Apple has unveiled its long-awaited streaming service as part of its push to grow its services business amid slower iPhone sales.
The new Apple TV+ service will launch in the fall and feature original content, with roughly two dozen shows already in production or development. It will be ad-free on Apple devices as well as other platforms such as Roku and Amazon Fire TV.
But at Monday’s launch event, Apple declined to reveal pricing for the service and, as the Los Angeles Times reports, “Some in Hollywood are skeptical whether Apple will succeed, citing the company’s cautious approach to content and heavy competition from the likes of Netflix, which has roughly 140 million paid subscribers and is expected to spend $15 billion on content this year.”
“There are still a lot of unanswered questions,” said Gene Munster, a managing partner with venture capital firm Loup Ventures.
Apple’s services segment, which also includes Apple Music and mobile payment option Apple Pay, generated $37 billion in revenue the last fiscal year, up 24% from the prior year. The company on Monday also introduced the Apple TV Channels subscription service, which will allow users to access pay-TV channels such as HBO and Showtime.

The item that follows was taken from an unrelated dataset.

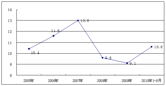 中国为工业主导型经济,经济发展情况主要取决于第二产业的发展情况。2009年全年规模以上工业增加值比上年增长11.0%,增速比上年回落1.9个百分点。其中,一季度增长5.1%,二季度增长9.1%,三季度增长12.4%,四季度增长18.0%。工业增加值增速逐步加快,表明在政府经济刺激计划的带动下工业正稳步好转。从各 行业 表现看,受政府投资强力拉动以及国际市场基础资源价格大幅反弹的影响,黑色金属、非金属、其他矿采选业等资源开发类 行业 处于相对较高水平;而食品、纺织、化学原料制造等轻工业业绩增长则相对平缓。值得关注的是,以水泥、钢铁等为代表的非金属矿物制品业、黑色金属冶炼及压延加工业,产能过剩依然明显,其生产增速的集中大幅提高有可能导致相关产品价格未来面临进一步下行压力。

“We partnered with the most thoughtful, accomplished and award-winning group of creative visionaries who have ever come together in one place, to create a new service unlike anything that’s been done before,” CEO Tim Cook said of Apple TV+.
Apple is expected to spend $1 billion to $2 billion a year on its original content. But Wired noted that Netflix spends six times more, adding, “When you have $245 billion cash on hand the way Apple does, dropping less than a percent of it seems too little, too late.”
Tim Bajarin, president of advisory services firm Creative Strategies, said the new streaming platform won’t dethrone Netflix, but it should grow the services business. “I don’t see this as a Netflix killer,” he told the LA Times. “This is an economics story.”